PSW: Is it just having more time with the players? Or does something different need to happen on the training ground?
DK: I think [time] is part of it. Certainly tweaking our curriculum, continuing to develop “the D.C. United way,” is something that we’re doing on an ongoing basis. And having players more, for longer.
PSW: What are you looking for when you watch younger kids play? What traits matter for you?
DK: What matters to us is, are our kids playing the right way? Are we possessing the ball, do we have creative ideas on the field? Are we developing players who take risks in going forward and attacking? Versus, when I see the way some teams do it when they play against us: they drop back, play 4-5-1, play negative soccer, looking to – I don’t want to say destroy the game, but looking just to sit there and defend, as opposed to taking chances going forward. You know, defending is important, but defending a little higher up the field is important. Developing players who are comfortable on the ball – that is important to us.

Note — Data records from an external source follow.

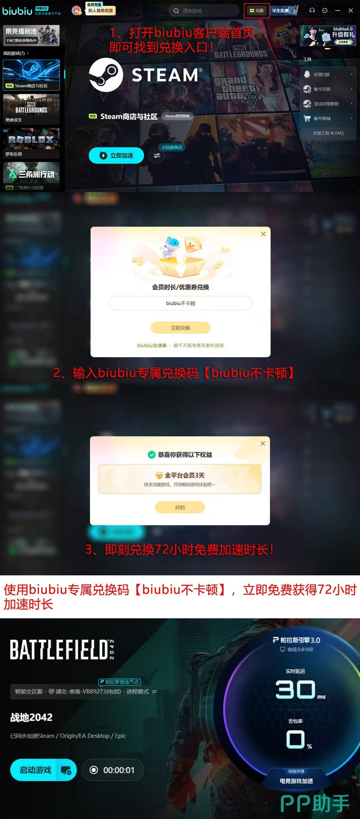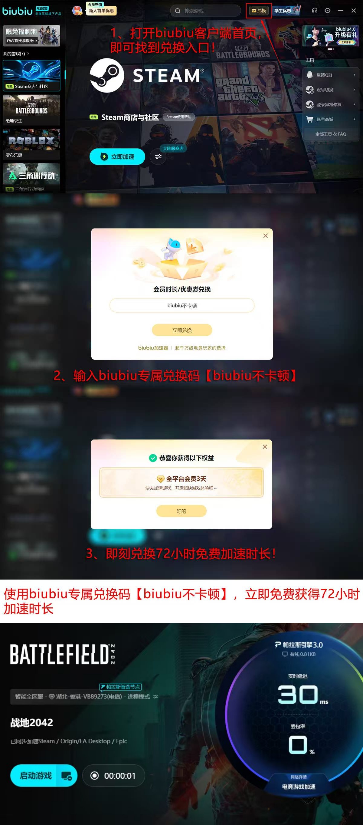 目前面向新用户推出限时体验政策:完成注册并登录后,即可领取24小时全游戏免费加速时长;老用户凭专属兑换码【biubiu不卡顿】,可额外获得72小时加速权益。两项福利支持叠加使用,新用户最高可享96小时连续加速服务,覆盖完整新手适应周期与多场高强度对战需求。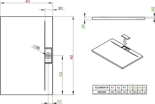 Radaway Giaros D Душевой поддон из акрила, 100х80х4h см, цвет: белый глянцевый MKGD1080-03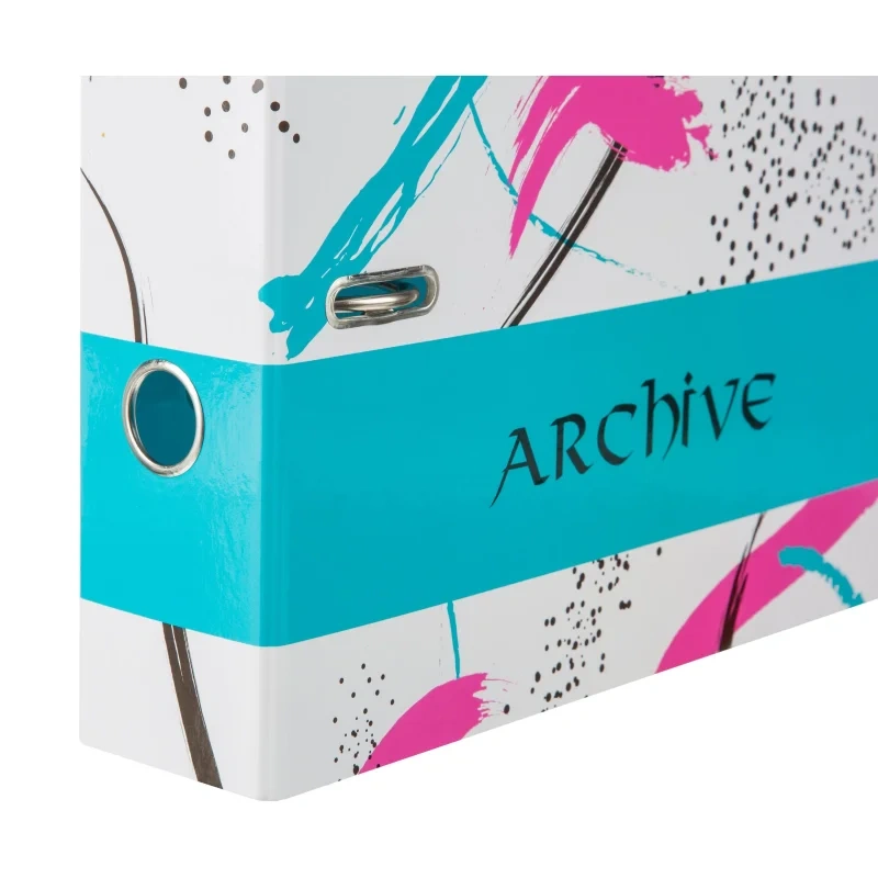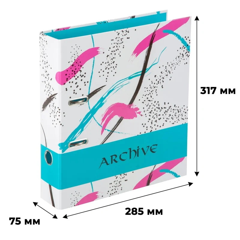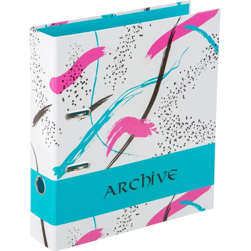 Папка-регистратор Attache Archive 75 мм изготовлена из плотного картона, покрытого ламинированной бумагой с двух сторон. Красивая голубая обложка украшена изящным абстрактным узором. Ширина корешка — 75 мм. Имеет кольцо для удобного захвата и извлечения с полки. Ориентирована вертикально, вмещает до 480 листов формата А4 стандартной плотности. На внутренней стороне папки предусмотрено поле для классификации документов.

PSW: When do you start evaluating the kids, as opposed to the academy coaching staff?
DK: When they’re under-16. We watch games and we listen – we get reports back from the coaches about players. We watch them play – if they’re doing really well and we’re happy with what we see, we bring them into the first team to train. That’s what we did with Bill, Ethan, Andy. So it’s a bit of a process.
PSW: What about before they enter your academy system? Many people are fascinated by this aspect – by Andy’s story, for example.

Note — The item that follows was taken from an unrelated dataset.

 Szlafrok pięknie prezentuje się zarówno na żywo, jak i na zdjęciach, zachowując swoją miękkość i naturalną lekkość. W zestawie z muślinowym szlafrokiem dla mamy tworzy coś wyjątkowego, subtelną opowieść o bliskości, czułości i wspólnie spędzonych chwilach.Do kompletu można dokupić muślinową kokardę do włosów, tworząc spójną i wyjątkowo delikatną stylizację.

DK: Our youth coaches know what we’re looking for. We’re looking for talent, players who we think, by putting them into our environment, are going to excel and get better.
PSW: Finally, what advice would you give to a young player who wants to get into, and advance through, the United system?

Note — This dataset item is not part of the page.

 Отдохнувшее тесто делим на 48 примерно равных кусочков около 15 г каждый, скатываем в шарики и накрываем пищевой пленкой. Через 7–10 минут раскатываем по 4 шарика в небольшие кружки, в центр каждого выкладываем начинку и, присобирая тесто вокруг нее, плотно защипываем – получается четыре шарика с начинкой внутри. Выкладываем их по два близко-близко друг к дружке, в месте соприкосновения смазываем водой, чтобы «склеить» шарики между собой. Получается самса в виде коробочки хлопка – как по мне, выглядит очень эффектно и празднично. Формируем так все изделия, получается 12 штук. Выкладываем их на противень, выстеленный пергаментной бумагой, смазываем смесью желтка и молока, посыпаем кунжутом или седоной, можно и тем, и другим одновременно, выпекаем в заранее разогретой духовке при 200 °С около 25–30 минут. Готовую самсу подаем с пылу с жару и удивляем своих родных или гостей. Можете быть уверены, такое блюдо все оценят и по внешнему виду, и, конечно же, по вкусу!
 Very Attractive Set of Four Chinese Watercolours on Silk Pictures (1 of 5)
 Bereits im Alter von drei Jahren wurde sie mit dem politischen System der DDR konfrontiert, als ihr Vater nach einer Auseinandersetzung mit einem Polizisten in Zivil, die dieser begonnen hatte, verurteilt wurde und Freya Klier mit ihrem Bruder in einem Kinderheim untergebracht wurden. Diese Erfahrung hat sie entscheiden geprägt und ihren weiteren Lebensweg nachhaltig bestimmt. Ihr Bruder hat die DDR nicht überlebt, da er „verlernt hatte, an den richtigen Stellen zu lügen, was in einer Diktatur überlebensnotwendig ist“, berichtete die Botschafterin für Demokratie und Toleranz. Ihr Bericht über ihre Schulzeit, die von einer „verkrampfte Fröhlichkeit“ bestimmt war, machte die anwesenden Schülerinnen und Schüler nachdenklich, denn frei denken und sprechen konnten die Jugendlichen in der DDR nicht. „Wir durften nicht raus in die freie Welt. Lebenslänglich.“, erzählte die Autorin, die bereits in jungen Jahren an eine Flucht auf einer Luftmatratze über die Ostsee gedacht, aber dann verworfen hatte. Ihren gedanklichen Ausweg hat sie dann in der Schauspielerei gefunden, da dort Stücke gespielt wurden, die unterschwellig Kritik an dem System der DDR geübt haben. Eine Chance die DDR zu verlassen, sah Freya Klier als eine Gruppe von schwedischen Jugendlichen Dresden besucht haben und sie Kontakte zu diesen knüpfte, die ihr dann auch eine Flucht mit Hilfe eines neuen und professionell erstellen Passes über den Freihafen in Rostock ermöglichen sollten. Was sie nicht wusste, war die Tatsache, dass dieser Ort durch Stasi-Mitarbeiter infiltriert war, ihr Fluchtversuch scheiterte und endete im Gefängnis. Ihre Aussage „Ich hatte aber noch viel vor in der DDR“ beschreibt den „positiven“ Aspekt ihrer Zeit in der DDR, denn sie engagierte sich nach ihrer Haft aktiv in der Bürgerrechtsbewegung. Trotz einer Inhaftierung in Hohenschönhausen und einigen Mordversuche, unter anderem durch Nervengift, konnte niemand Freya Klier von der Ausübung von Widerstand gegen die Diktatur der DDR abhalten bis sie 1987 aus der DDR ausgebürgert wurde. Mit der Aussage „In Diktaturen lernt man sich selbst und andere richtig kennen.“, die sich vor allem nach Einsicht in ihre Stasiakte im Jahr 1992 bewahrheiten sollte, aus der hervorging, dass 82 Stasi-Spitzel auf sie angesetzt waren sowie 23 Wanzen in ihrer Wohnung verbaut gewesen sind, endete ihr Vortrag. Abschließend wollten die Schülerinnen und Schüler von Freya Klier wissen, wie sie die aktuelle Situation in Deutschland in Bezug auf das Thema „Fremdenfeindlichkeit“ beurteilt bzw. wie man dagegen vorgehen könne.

DK: Yes , I think they have to first make the commitment that they want to be an elite soccer player. That means keeping themselves fit, eating right, that means being a student of the game. This is the information age: there’s so much access to soccer, on TV, on the internet. Reading about it, becoming a real student of the game – that, they need to do on their own.
Then playing as much as possible, working on their individual game in their backyard, playing street soccer with their friends. They need to do that. Then, obviously try to get on the best team possible, set goals for themselves as to where they want to be. To be a top class player is a real commitment and many sacrifices will have to be made. There's no other way.